Les façons dont nous entrons en relation avec nos familles se sont développées au fil du temps, puis elles se sont consolidées voire rigidifiées et étendues à l’extérieur de la cellule familiale. Les réunions de famille sont l’occasion de travailler sur un ou deux éléments, tout en ayant un peu de compassion pour soi même : en effet, modifier ces types d’interactions prend du temps.

  • Définir ses propres limites est d’une importance cruciale, car cela contribue à modifier cette place porteuse de frustrations qui prend sa fonction dans l’engrenage familial. Cela ne signifie pas qu‘il soit nécessaire (ni souhaitable !) de dire non dès que vous sentez monter de l’agacement ; la capacité à dire « non » est bien entendu à développer, mais cela peut tout à fait être une voix intérieure qui vous guide dans vos actions. Pour définir ces limites, il faut donc être à l’écoute de soi-même, de ce que l’on ressent et être bien clair avec ce qui nous dérange. Alors, on peut réfléchir à 1) ce qui vous pèse dans vos relations familiales 2) ce que vous ne voulez plus jamais vivre/supporter.
  • Se donner des objectifs pour les vacances à venir, comme par exemple : essayer de ne pas sur-réagir aux réflexions de mon frère, tenter de ne pas tout faire comme ma mère le voudrait, cesser de satisfaire tout le monde alors que ça m’épuise etc. L’idée est de montrer à l’enfant de cinq ans qui est en vous que vous êtes adulte maintenant, que vous avez grandi et c’est votre tour de vous exprimer.

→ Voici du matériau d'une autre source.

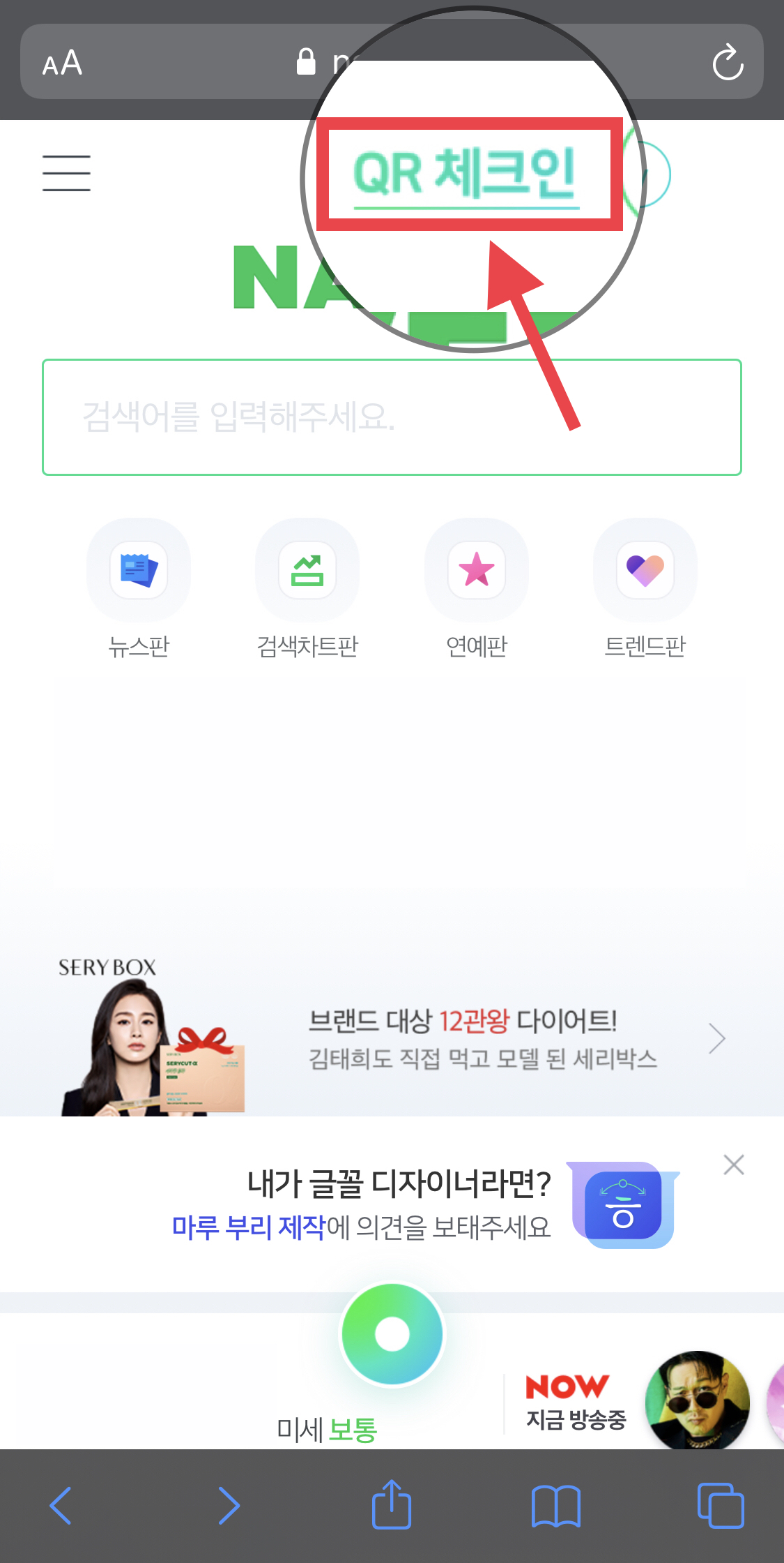 ▼ 네이버에 로그인을 해준 뒤, 네이버 메인 상단에 있는 QR체크인을 눌러주세요.
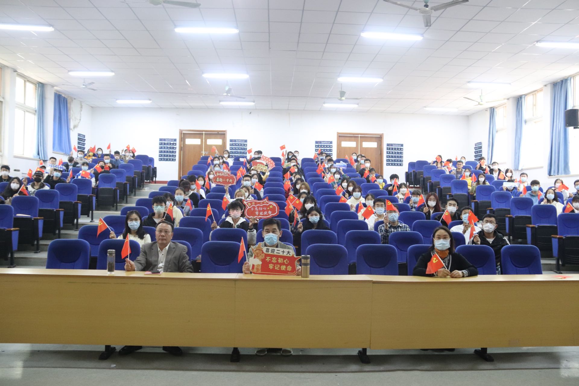 10月16日上午,中国共产党第二十次全国代表大会开幕。海洋学院第一时间组织师生党员代表统一于二教101进行观看学习。同时,各班级以团支部为单位通过多个会场同步收看会议直播,共同学习领会习近平总书记代表第十九届中央委员会向党的二十大所作报告内容。

  • Si la conversation dérape et que vous sentez que cela devient intenable, plutôt que d’entrer en conflit ouvert, utilisez un code que vous aurez préparé en amont et partagé avec vos enfants et/ou votre partenaire « j’ai un peu mal au ventre, je dois sortir un peu ! ». De cette façon, ils comprendront votre sortie soudaine et vous-même pourrez vous sentir plus à l’aise sachant que cette issue de secours est à votre portée.
  • Ayez des aspirations réalistes : cela passe par la nécessité de voir vos proches tels qu’ils sont et non tels que vous rêvez qu’ils deviennent. Des espoirs irréalistes mènent forcément tout droit à la déception, au ressentiment et à la tristesse. Passer de bons moments en famille implique alors de cesser d’attendre ce que les autres ne sont pas en mesure de vous donner – et que vous pouvez recevoir par le biais d’autres relations.

Les fêtes sont aussi l’occasion de construire et de renforcer les liens. Pourquoi ne pas essayer de créer davantage de connections agréables, comme par exemple proposer une activité qui implique l’attention conjointe, faire une promenade en famille, s’engager dans une activité collective et surtout, jouer ! Vous aurez ainsi contribué à développer de l’attachement sécure à travers des interactions qui vous laisseront de biens meilleurs souvenirs.